Please please please let this night end quickly, she thinks to herself. With him disappearing off into the night, forever, occasionally to be wondered about but never to be heard from again.

She parks down the street and deeply sighs to herself, staring at the backs of her parents as they walk inside the house, her dad with the pot of chili in hand and her mum with a platter of quiches. Her Aunt Marsha, who is manning the door, spies her waiting in the car and waves warmly, before squinting to see who she has in her passenger seat.
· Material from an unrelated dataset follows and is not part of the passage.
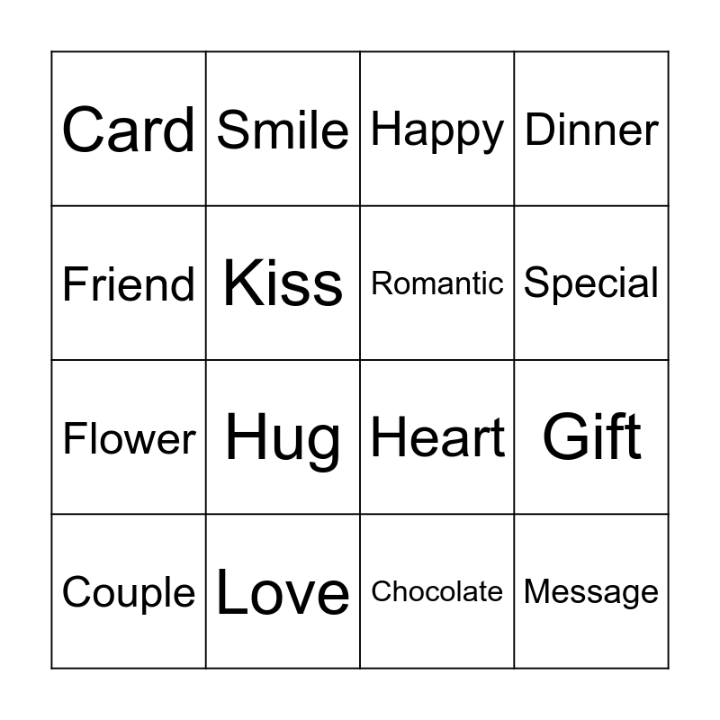 This bingo card has 16 words: Love, Gift, Happy, Card, Flower, Smile, Heart, Chocolate, Friend, Kiss, Couple, Dinner, Hug, Special, Romantic and Message.

Aunt Marsha then grabs Hermione's mum, asking her a question – no doubt about the pale man sitting beside her, in her tiny car – with an intense look of curiosity.

"Everybody's going to think you're my boyfriend," she mutters, slumping just a little in her seat.

"Are they really?" he muses. "Why is that such a terrible thing, exactly?"

"Because you're not," she finally says, shoving her keys into her coat pocket and getting out of the car. He calmly does the same. "And I'm going to hate the questions and innuendo."

For a minute he relishes the idea that today, no matter how adamantly she denied any sort of romantic entanglement with him, everybody would be somewhat unconvinced. He knows it's going to annoy her (a perk) but also because, if a roomful of dentists and barristers and the occasional nosy housewife could see it, why couldn't she? That they should give it another go, he means. That they could be meant for each other. Maybe not for forever, but at least for now. He would settle for that.

"Come on," she says, motioning to him with a look of deadness in her eyes. But he knows her better than that. He looks down at her hands, fidgeting, opening and closing into a fist, beside her hip. He still makes her nervous, and that is a good sign.